/THIS NEWS RELEASE IS NOT FOR DISTRIBUTION IN THE UNITED STATES. ANY FAILURE TO COMPLY WITH THIS RESTRICTION MAY CONSTITUTE A VIOLATION OF U.S. SECURITIES LAW./
VANCOUVER, BC, Aug. 18, 2025 /CNW/ - Intellistake Technologies Corp. (CSE: ISTK) (OTCQB: ISTKF) (FSE: E41) ("Intellistake" or the "Company") announces a clarification to the terms and conditions for completion of its private placement announced by news release dated August 14, 2025. The Company intends to undertake a non-brokered private placement of units (each, a "Unit") at a price of $0.87 per Unit (the "Issue Price") to raise gross proceeds of up to $5 million (the "Offering"), subject to a 15% over allotment option (the "Over-Allotment Option"). Each Unit will consist of one class "A" shares (each a "Share") and one Share purchase warrant (a "Warrant"). Each Warrant shall entitle the holder thereof to purchase one Share at an exercise price of $1.08 for a period of 36 months following the closing of the Offering, subject to accelerated expiry in certain circumstances.

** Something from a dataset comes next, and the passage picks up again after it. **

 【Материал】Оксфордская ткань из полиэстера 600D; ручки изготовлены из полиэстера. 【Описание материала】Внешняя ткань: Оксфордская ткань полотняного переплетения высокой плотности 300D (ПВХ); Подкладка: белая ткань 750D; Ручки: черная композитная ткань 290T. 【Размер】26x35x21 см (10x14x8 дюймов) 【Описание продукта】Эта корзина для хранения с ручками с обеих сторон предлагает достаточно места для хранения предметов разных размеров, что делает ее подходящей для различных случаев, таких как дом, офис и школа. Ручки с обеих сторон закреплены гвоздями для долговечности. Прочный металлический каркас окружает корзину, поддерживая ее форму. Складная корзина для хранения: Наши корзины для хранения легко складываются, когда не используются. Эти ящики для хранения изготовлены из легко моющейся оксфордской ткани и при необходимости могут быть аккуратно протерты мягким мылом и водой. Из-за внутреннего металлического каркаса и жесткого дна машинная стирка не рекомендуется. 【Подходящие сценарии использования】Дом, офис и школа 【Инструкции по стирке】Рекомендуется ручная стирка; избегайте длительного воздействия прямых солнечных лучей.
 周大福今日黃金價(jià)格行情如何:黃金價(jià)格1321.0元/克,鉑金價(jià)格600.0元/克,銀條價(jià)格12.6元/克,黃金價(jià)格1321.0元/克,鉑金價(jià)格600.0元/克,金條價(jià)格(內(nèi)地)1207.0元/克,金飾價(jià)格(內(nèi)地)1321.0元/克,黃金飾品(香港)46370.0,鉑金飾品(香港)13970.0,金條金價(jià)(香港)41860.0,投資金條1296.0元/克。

In the event that the Shares become listed for trading on either a senior Canadian stock exchange (including without limitation the Toronto Stock Exchange or the Cboe Canada Exchange), NASDAQ or the NYSE (in either case, the "Triggering Event"), the expiry date of the Warrants will be automatically accelerated, irrespective of whether the Company gives notice thereof to the holders of the Warrants by way of news release, and the Warrants will expire on the first day that is ten trading days after the date of the Triggering Event (the "Accelerated Exercise Period"). Any unexercised Warrants shall automatically expire at the end of the Accelerated Exercise Period.
An aggregate of up to 5,747,127 Units may be issued pursuant to the Offering, which number shall increase to an aggregate of up to 6,609,196 Units if the Over-Allotment Option is exercised by the Company in full, in connection with closing. The Issue Price was set by way of confidential price protection request made on July 28, 2025. Completion of the Offering remains subject to the Issue Price receiving disinterested shareholder approval by written consent pursuant to section 4.6(2)(a)(ii) of CSE Policy 4. There will be no insider participation in the Offering. The securities issued pursuant to the Offering will be subject to a hold period expiring four months and one day after closing of the Offering.

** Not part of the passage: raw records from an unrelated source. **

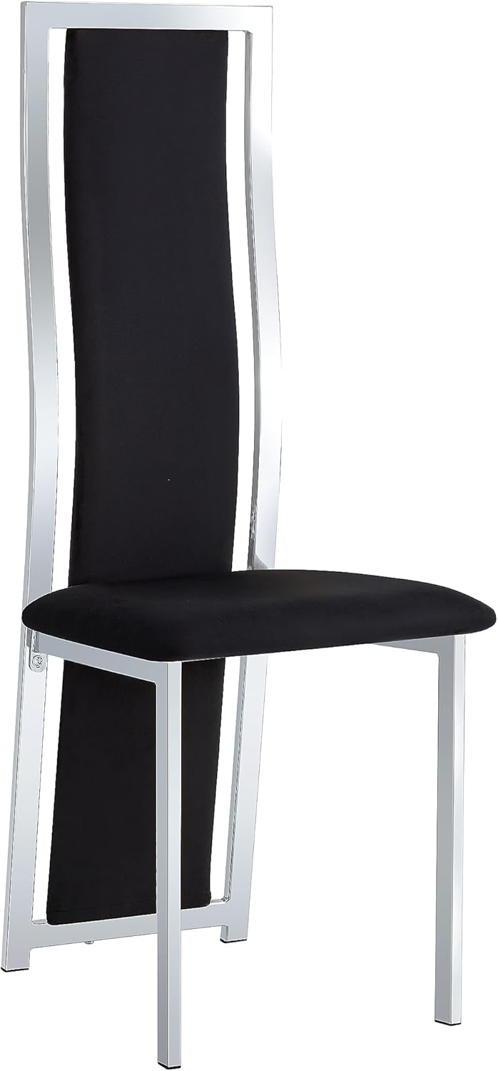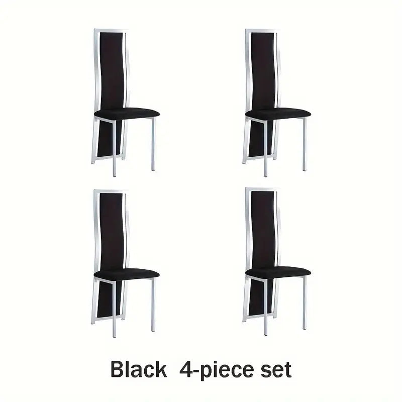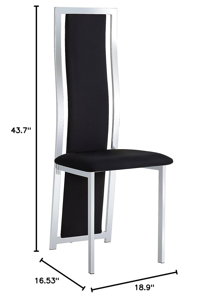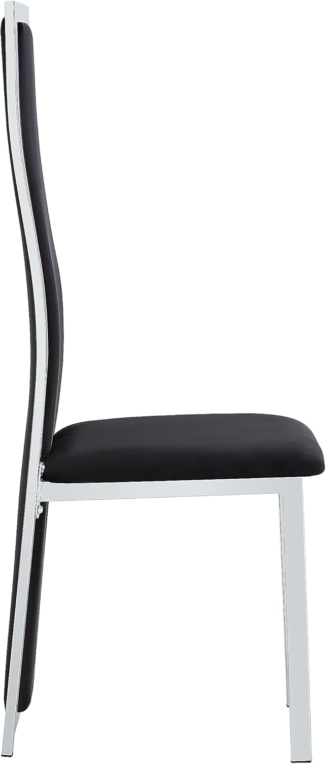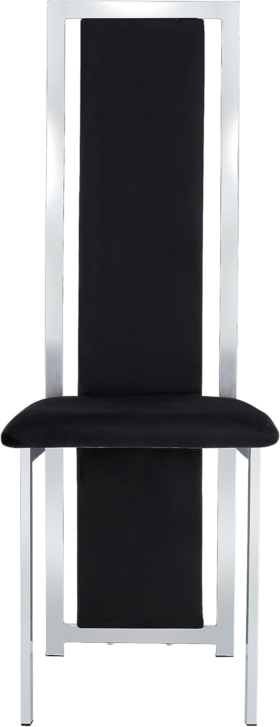 Experience the perfect balance of comfort and sophistication. This high-back dining chair set features plush black cushioning wrapped in premium upholstery, supported by striking silver metal legs. Non-slip feet ensure stability without compromising style.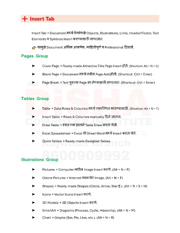 Insert Tab → Document मध्य वेगवेगळ Objects, Illustrations, Links, Header/Footer, Text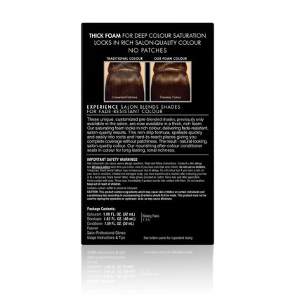 I have been coloring my own hair for seventeen years. This was the first Foam Hair dye I have tried and I loved it! I have shoulder length Hair and normally I have to use two boxes because I have thick hair, but One box of the foam was enough for all my hair with this Product. The foam made it so much easier to cover all of your hair. I would recommend this to anyone learning how to color there own hair it would be so much easier for them. On the plus side it made my hair super soft! I noticed it as soon as I had washed the color out before even adding the conditioner. It has a great shine to it and I love the color. It is the Bold Dark Chocolate Brown I have been looking for, it was just what I wanted. It looks like I went and had a professional color it. I would recommend this Product to every one! :) I will add I left it in my hair for the full 30 minutes not the 20 minutes. See more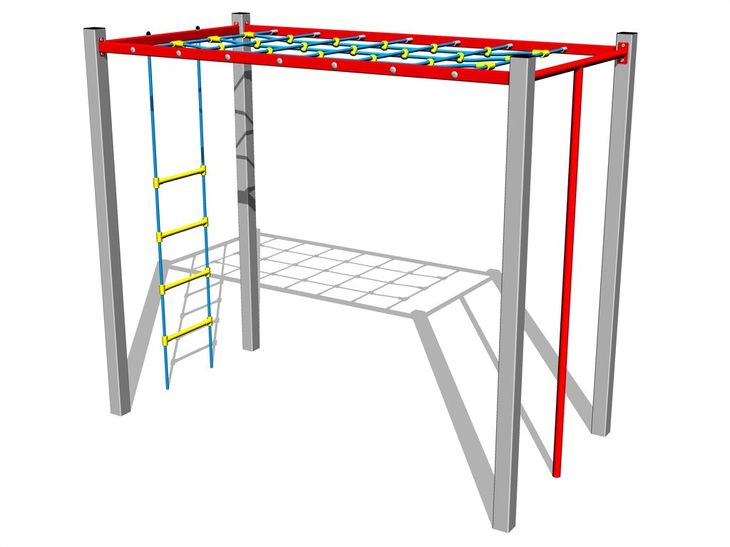 Šplhací tyč, šplhací síť, žebřiny, houpací lanové kruhy

The net proceeds of the Offering will be used for development of AI Agents, validator hardware acquisitions, acquisitions of digital currencies, research & development and marketing, repayment of existing accounts payable, investor relations expenditures, working capital requirements and other general corporate purposes. As disclosed in the August 14th news release, the Company intends to use the net proceeds of the Offering to acquire a portion of the up to $500,000 in digital assets and to fund a portion of the costs of the marketing services described in that news release. The Company retains the right to raise up to an additional $5 million on a private placement basis through the issuance of units, with such financing being priced in the context of the market and subject to applicable stock exchange policies at the relevant time.

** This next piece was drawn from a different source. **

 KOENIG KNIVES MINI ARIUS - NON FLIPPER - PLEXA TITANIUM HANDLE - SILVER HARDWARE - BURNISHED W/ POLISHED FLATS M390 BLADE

This news release does not constitute an offer to sell or a solicitation of an offer to buy any of the securities in the United States. The securities offered have not been and will not be registered under the United States Securities Act of 1933, as amended (the "1933 Act"), or any state securities laws and may not be offered or sold within the United States or to or for the account or benefit of a U.S. person (as defined in Regulation S under the 1933 Act) unless registered under the 1933 Act and applicable state securities laws or an exemption from such registrations are available. No public offering of securities is being made in the United States. This press release shall not constitute an offer to sell or the solicitation of an offer to buy, nor shall there be any sale of these securities, in any jurisdiction in which such offer, solicitation or sale would be unlawful.